For each sample, PCR was carried out in total volume of 25 µl reaction mixture which included 12.5 ng of purified DNA template and 2x KAPA HiFi HotStart Ready Mix. The following order of steps and conditions was used for PCR: initial denaturation at 95 °C for 3 minutes and 25 cycles of; denaturation at 95 °C for 30 seconds, annealing at 55 °C for 30 seconds and extension at 72 °C for 30 seconds, with a final extension at 72 °C for 5 minutes. The PCR products were purified by using Agencourt AMPure XP purification system (Beckman Coulter, Cat. No. A63881, USA) and second PCR (with 8 cycles) was performed by using sample-specific barcodes and the obtained amplicons were purified again. Equimolar concentrations from each library were then pooled and sequenced on Illumina MiSeq sequencer using MiSeq Reagent Kit v2, 500 cycles. The obtained sequences were on average 231 bp long.

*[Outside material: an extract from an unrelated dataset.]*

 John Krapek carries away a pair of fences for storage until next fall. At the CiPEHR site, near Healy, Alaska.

The raw data resulting from this sequencing effort can be found in NCBI Sequence Read Archive24. Accession numbers, sample source and experimental time point from each sample can be found in Table 1.
The overview of the data analysis workflow is shown in Fig. 1b. Demultiplexing and clipping of sequence adapters and barcodes from raw sequences were performed using the Illumina BaseSpace platform (Illumina). The resulting 16S rRNA paired-end raw sequencing data comprised in total ca. 14.6 million reads generated from 21 samples. We then employed cutadapt program25 v1.13 (default parameters) to remove the primers preceding 16S rRNA amplicon reads. The primer-removed raw sequences were subsequently uploaded to the online Nephele analysis platform v2 together with the mapping file26, which describes the individual raw data files to otherwise entirely automatic online pipeline. The FastQC software27, which is part of the Nephele Pre-processing Quality Check (QC) pipeline, was used to check the quality of the Illumina sequencing reads before the reads were fed into the Nephele DADA2 pipeline (which implements DADA2 package, v1.628). The logfiles generated by the two pipelines26 describe each step in data processing.

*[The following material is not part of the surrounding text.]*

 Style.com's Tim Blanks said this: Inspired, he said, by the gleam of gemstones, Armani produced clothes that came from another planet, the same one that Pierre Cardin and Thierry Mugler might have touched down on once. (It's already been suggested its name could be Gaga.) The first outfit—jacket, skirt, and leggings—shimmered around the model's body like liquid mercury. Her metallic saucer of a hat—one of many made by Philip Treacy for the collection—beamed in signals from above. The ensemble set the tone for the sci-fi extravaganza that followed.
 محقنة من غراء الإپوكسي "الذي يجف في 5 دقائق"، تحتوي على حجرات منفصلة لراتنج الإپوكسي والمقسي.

The DADA2 software integrated to Nephele DADA2 pipeline automatically performed quality check prior to data analysis. Briefly, after quality check (Supplementary Figs 1 and 2), the pipeline performs quality trimming and filtering, dereplicates sequences, learns error rates (Supplementary Figs 3 and 4), removes sequences potentially containing errors (denoising), merges paired-end reads as contigs, screens contigs for mismatches to reduce errors, constructs amplicon sequence variant (ASV) abundance table, removes chimeric sequences (using “bimera” method), runs taxonomic classification of ASVs using SILVA reference (SILVA 132 release) database29. In the quality trimming and filtering step, “truncation quality score equal to 4 (truncQ = 4)” parameter was selected and reads with maximum expected errors greater than 5 were discarded as a quality filtering measure (using “maxEE = 5” parameter). The pipeline detected 7.4% of all reads (in terms of relative abundance) as chimeric (“bimera”) and removed from datasets. The resulting ASV table26 thereby retained high quality nonchimeric reads (5.9 million reads in total generated from 21 samples, with the median 296,842 reads per sample).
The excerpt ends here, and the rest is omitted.